# What you need to do
Using the data that follows, output only the lines from the line with "Connect the bottom" up to and including the line with "Sleek faux leather", exactly, leaving pictures aside.
___ Source information
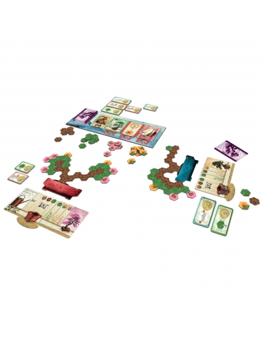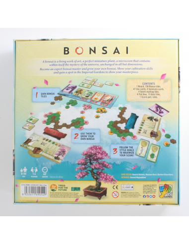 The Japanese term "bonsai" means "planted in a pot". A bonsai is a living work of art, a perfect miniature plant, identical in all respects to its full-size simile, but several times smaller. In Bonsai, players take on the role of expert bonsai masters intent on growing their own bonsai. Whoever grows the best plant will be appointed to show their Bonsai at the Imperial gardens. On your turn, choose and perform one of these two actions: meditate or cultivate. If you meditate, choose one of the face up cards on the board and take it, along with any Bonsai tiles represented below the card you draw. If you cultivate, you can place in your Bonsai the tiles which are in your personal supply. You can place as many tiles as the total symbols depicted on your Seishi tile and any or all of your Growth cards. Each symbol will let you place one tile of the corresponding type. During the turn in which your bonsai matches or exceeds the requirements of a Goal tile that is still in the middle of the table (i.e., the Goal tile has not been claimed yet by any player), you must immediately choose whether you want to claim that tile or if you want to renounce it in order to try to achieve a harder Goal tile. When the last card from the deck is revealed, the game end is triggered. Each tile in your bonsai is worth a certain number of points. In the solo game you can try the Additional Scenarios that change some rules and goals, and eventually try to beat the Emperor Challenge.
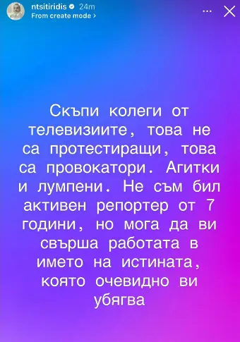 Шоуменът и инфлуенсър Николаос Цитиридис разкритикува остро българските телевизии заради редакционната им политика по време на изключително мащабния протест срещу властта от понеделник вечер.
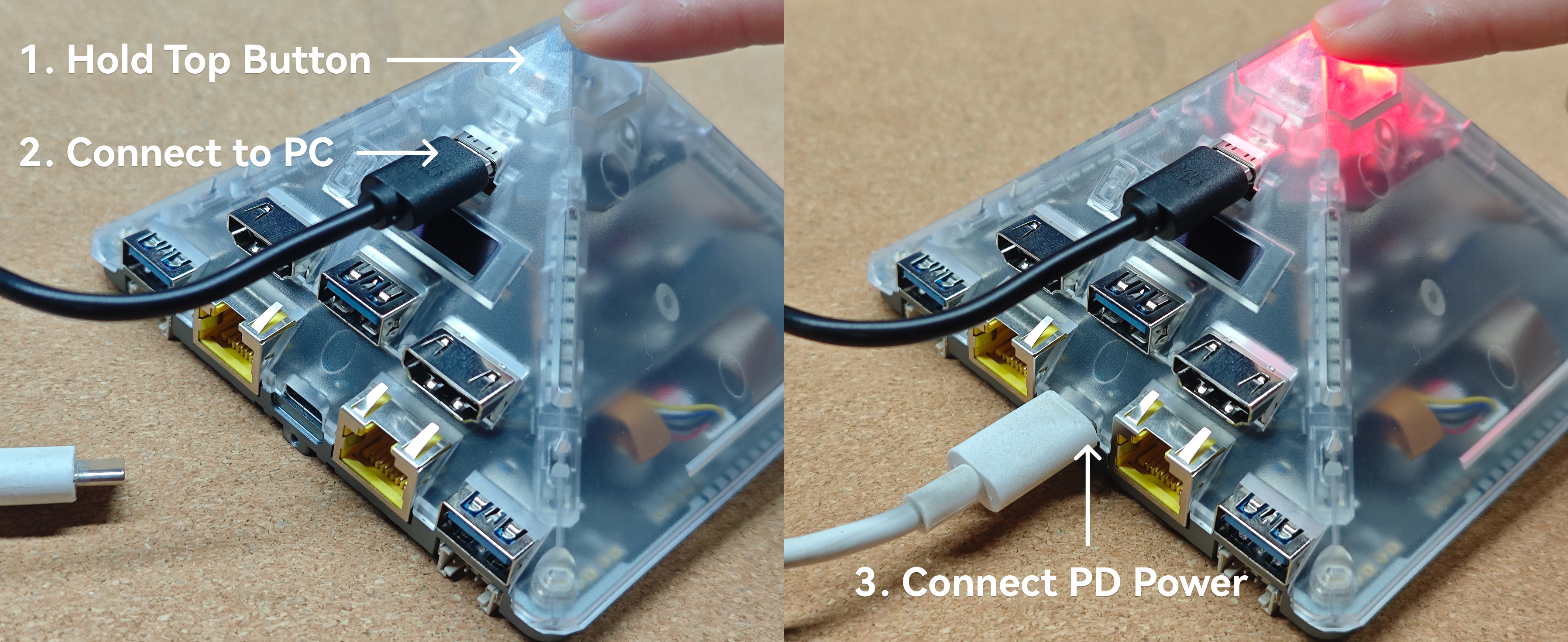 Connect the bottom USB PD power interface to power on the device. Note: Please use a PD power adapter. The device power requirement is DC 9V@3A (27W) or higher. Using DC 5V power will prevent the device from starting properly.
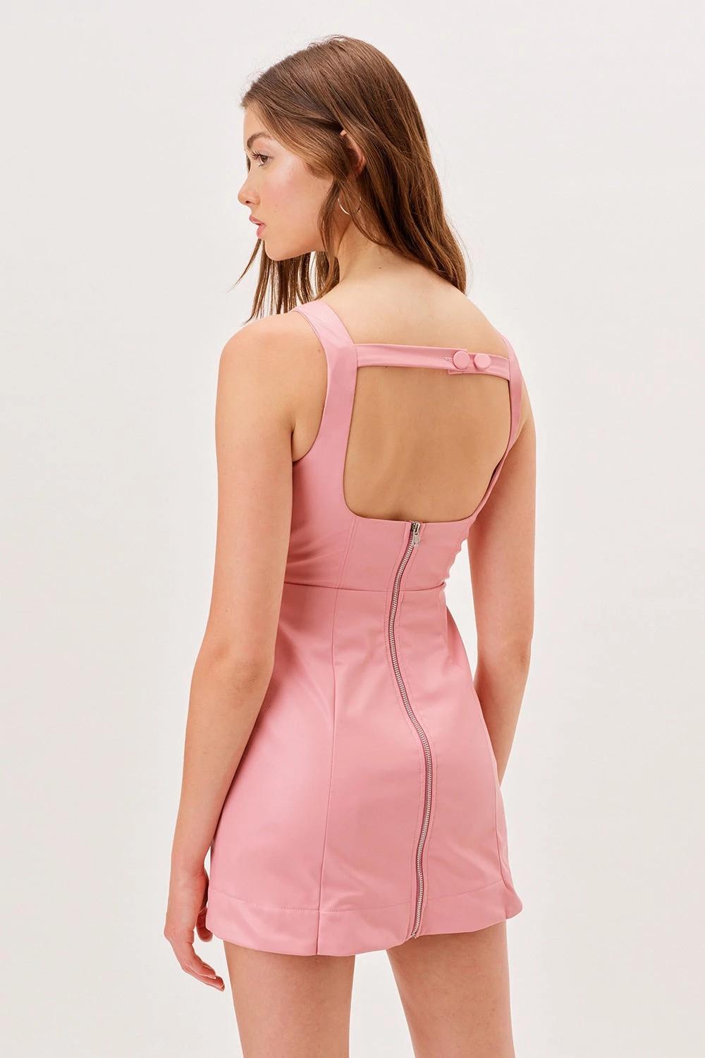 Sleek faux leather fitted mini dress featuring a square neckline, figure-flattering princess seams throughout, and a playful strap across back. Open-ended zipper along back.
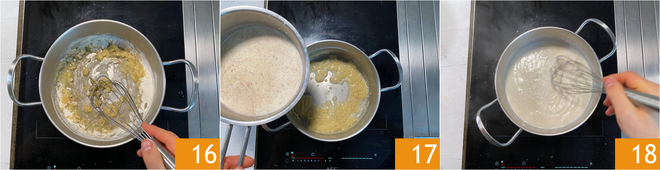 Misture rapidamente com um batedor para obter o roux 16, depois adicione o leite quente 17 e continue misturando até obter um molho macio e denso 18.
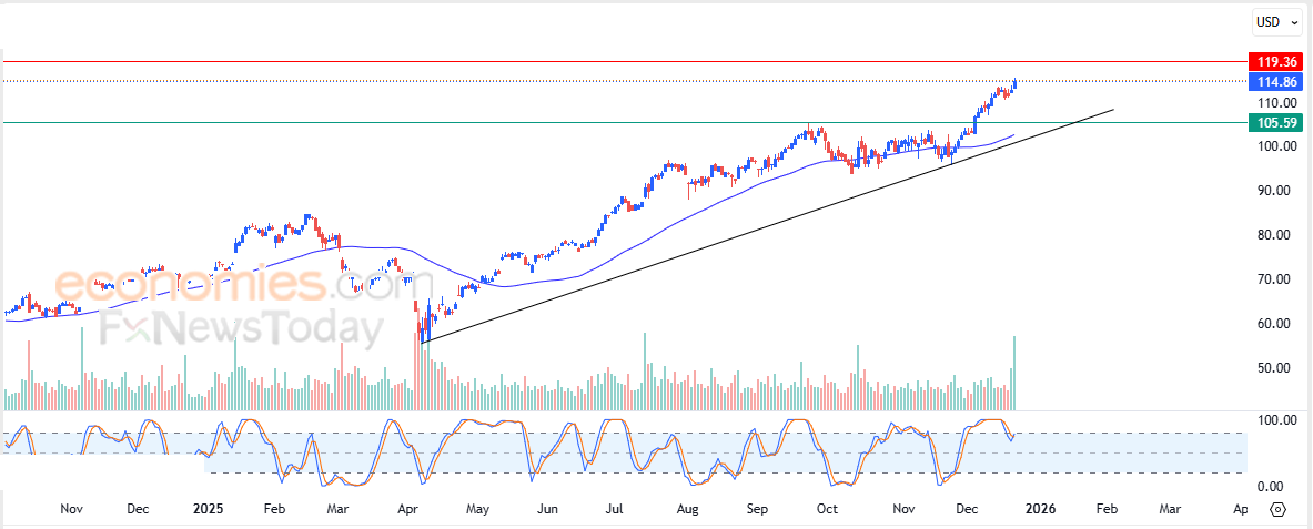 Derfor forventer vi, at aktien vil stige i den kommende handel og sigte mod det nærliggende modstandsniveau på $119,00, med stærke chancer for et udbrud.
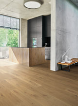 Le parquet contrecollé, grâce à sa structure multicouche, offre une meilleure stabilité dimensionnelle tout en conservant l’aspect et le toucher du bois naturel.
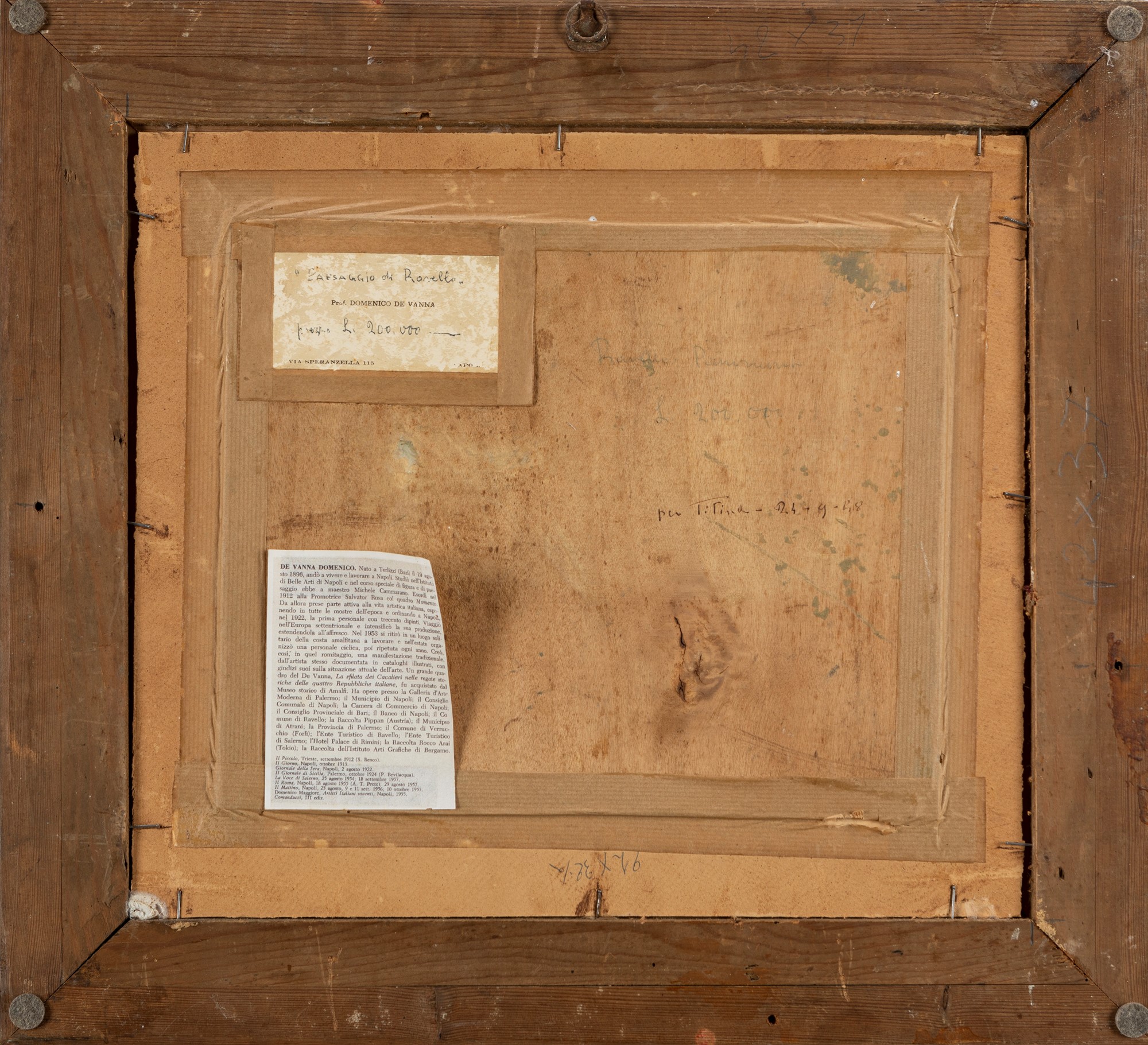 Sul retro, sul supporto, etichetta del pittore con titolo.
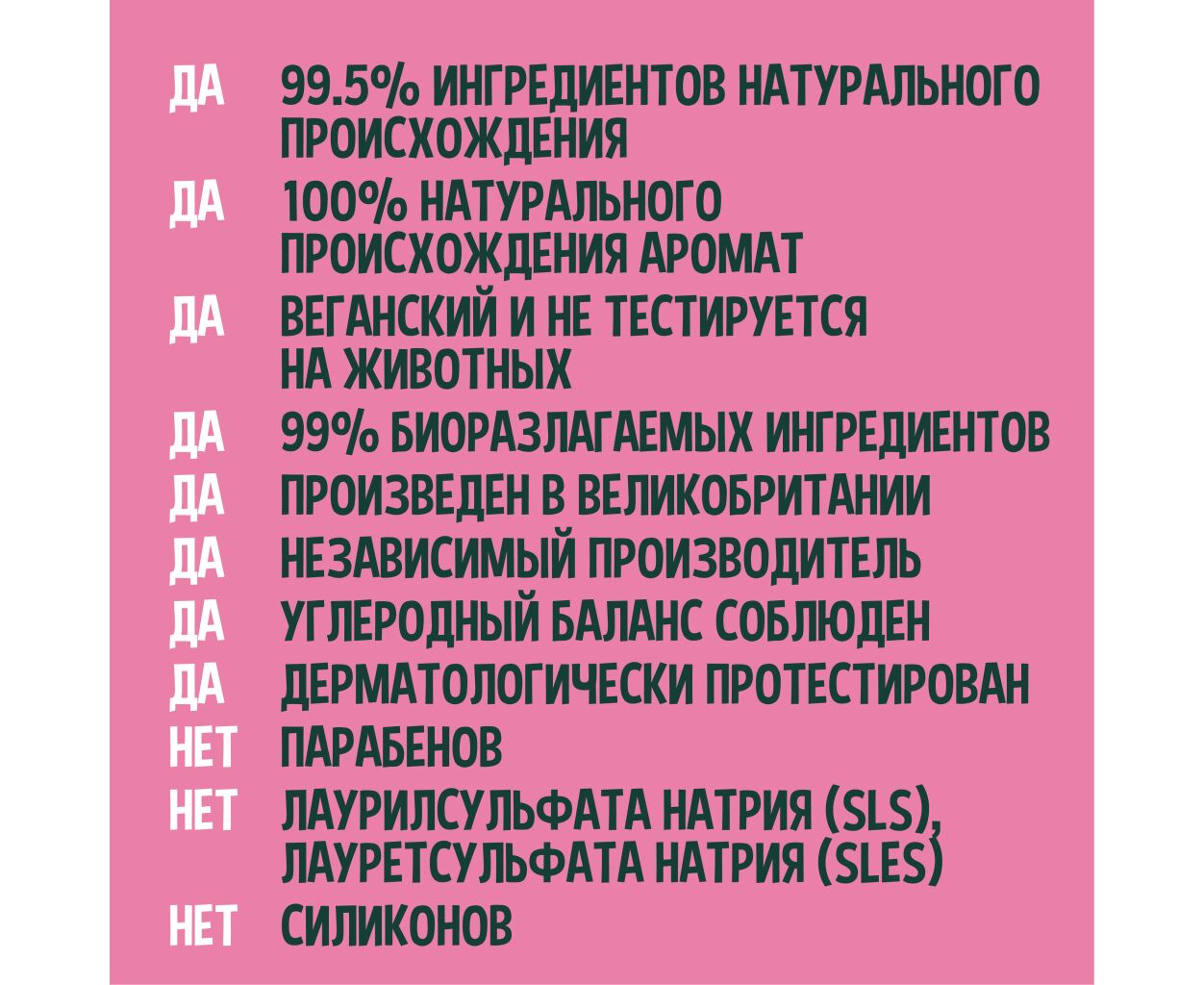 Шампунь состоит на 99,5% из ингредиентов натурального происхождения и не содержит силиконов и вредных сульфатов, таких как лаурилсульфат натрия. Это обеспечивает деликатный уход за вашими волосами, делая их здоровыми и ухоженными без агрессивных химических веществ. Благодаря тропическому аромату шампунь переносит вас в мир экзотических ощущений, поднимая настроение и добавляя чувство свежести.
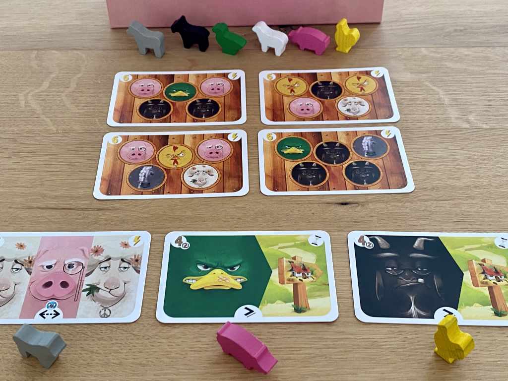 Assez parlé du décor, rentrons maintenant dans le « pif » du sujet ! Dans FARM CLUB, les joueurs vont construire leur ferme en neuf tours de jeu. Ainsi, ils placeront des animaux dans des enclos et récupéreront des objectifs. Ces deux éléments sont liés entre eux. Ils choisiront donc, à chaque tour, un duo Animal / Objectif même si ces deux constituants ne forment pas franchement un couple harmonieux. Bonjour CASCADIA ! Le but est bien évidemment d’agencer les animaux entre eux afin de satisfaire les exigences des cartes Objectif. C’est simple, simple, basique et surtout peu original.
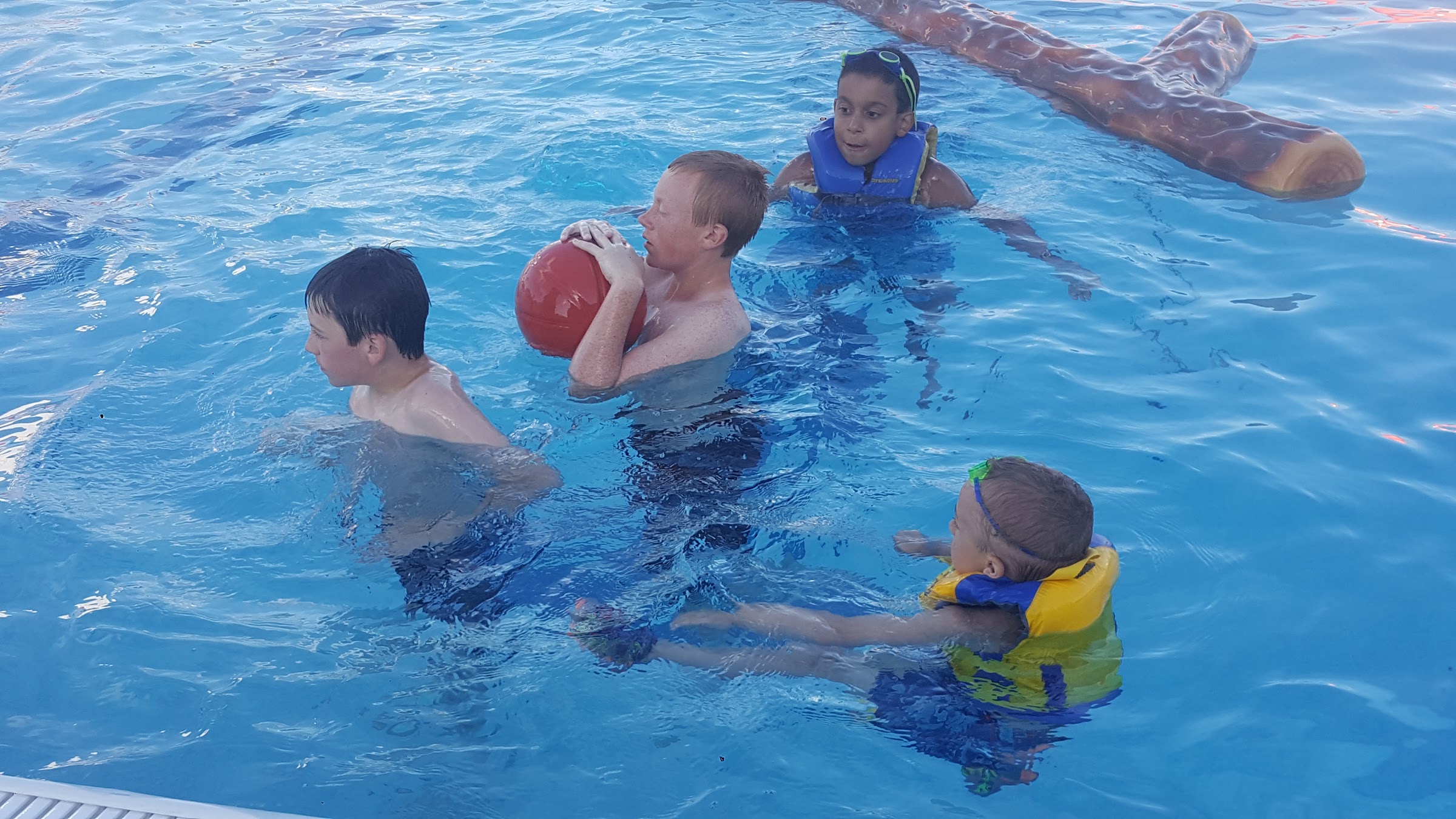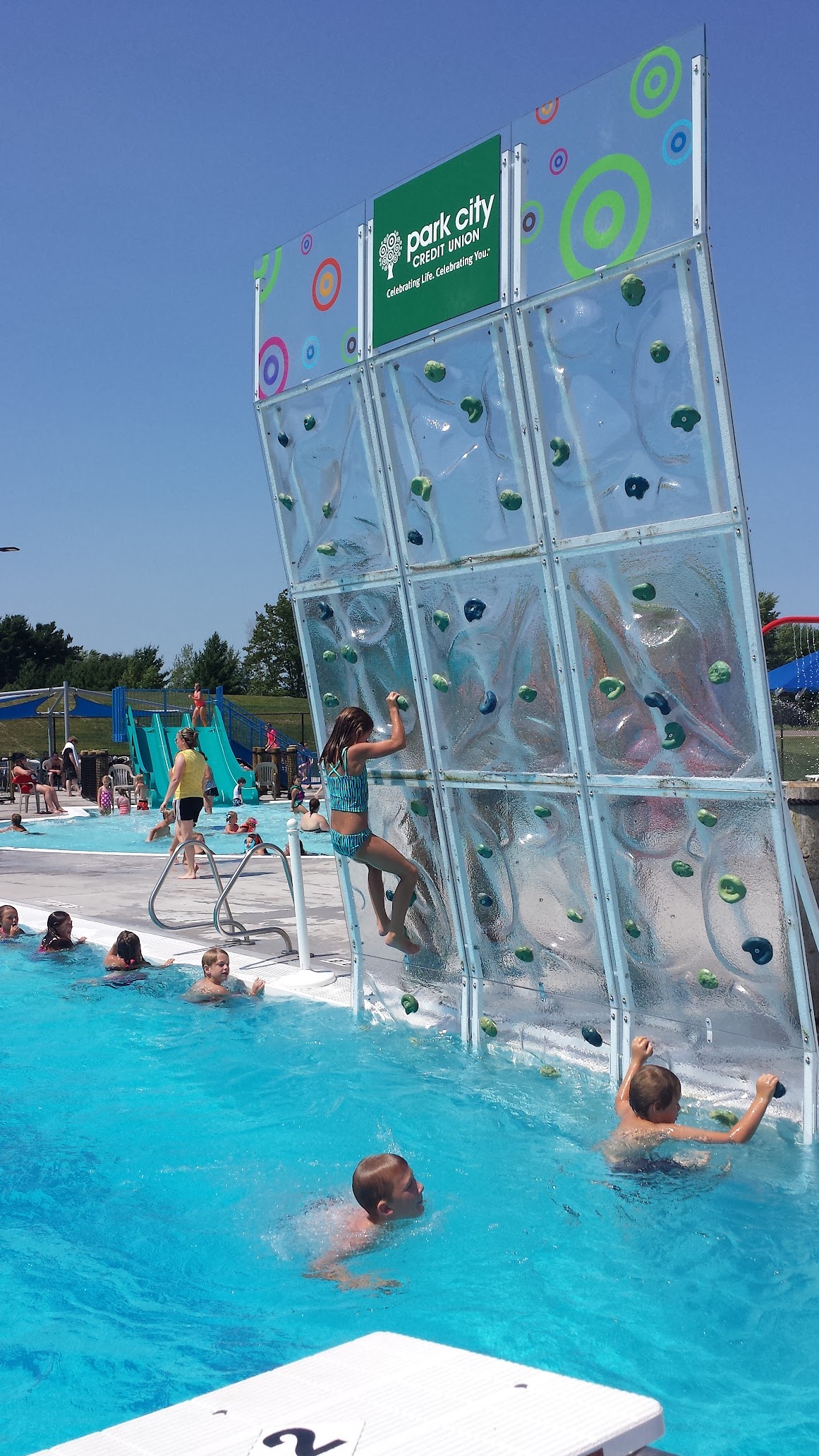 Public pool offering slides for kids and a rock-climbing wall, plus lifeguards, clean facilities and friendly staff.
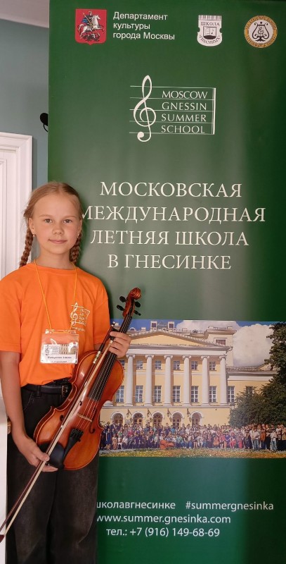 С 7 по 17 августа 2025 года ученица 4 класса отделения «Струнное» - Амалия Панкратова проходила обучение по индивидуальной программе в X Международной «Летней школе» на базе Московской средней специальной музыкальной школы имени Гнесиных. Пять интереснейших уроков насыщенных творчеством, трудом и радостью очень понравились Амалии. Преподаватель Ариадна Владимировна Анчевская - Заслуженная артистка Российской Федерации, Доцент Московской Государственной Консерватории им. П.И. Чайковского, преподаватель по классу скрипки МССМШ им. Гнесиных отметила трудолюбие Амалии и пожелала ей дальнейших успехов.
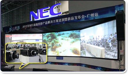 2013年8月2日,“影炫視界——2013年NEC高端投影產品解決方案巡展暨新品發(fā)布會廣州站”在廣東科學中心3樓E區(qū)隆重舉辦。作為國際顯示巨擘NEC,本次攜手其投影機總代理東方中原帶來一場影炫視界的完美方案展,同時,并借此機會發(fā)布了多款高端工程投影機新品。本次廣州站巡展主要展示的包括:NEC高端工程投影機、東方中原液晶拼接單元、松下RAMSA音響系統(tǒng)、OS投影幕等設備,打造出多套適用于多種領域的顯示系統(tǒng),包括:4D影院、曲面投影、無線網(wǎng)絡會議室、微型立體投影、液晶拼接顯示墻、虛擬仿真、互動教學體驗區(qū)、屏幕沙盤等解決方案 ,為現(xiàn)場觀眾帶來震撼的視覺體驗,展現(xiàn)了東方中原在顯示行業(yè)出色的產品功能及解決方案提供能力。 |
______
# Answer space
 Connect the bottom USB PD power interface to power on the device. Note: Please use a PD power adapter. The device power requirement is DC 9V@3A (27W) or higher. Using DC 5V power will prevent the device from starting properly.
 Sleek faux leather fitted mini dress featuring a square neckline, figure-flattering princess seams throughout, and a playful strap across back. Open-ended zipper along back.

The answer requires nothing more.